What you need to do | The material below holds the lines to copy: from the one with "Some options described" up to and including the one with "拦截器链的机制,保证通知方法与目标方法的执行顺序。". Copy them exactly and skip the pictures.

Records |
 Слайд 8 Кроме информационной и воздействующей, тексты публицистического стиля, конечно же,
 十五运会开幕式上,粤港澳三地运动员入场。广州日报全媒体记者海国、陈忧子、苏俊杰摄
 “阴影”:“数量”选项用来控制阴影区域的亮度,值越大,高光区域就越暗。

--

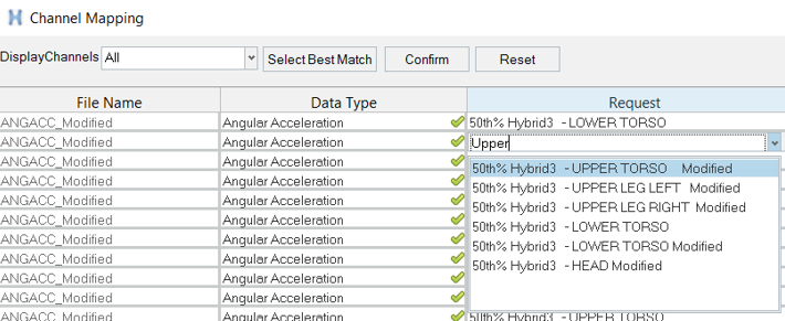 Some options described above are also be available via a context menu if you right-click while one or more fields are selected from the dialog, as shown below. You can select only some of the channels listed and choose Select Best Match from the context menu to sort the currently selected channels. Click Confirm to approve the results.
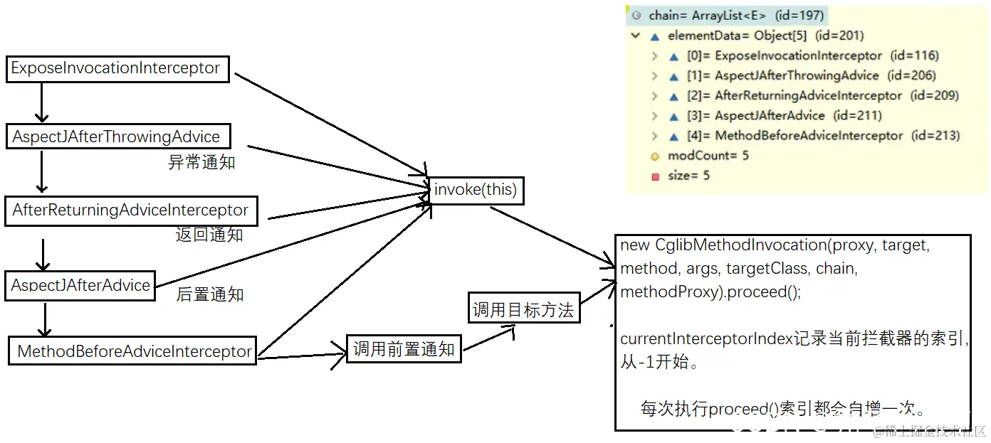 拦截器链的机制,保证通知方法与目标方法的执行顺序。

Response for this exercise |
 Some options described above are also be available via a context menu if you right-click while one or more fields are selected from the dialog, as shown below. You can select only some of the channels listed and choose Select Best Match from the context menu to sort the currently selected channels. Click Confirm to approve the results.
 拦截器链的机制,保证通知方法与目标方法的执行顺序。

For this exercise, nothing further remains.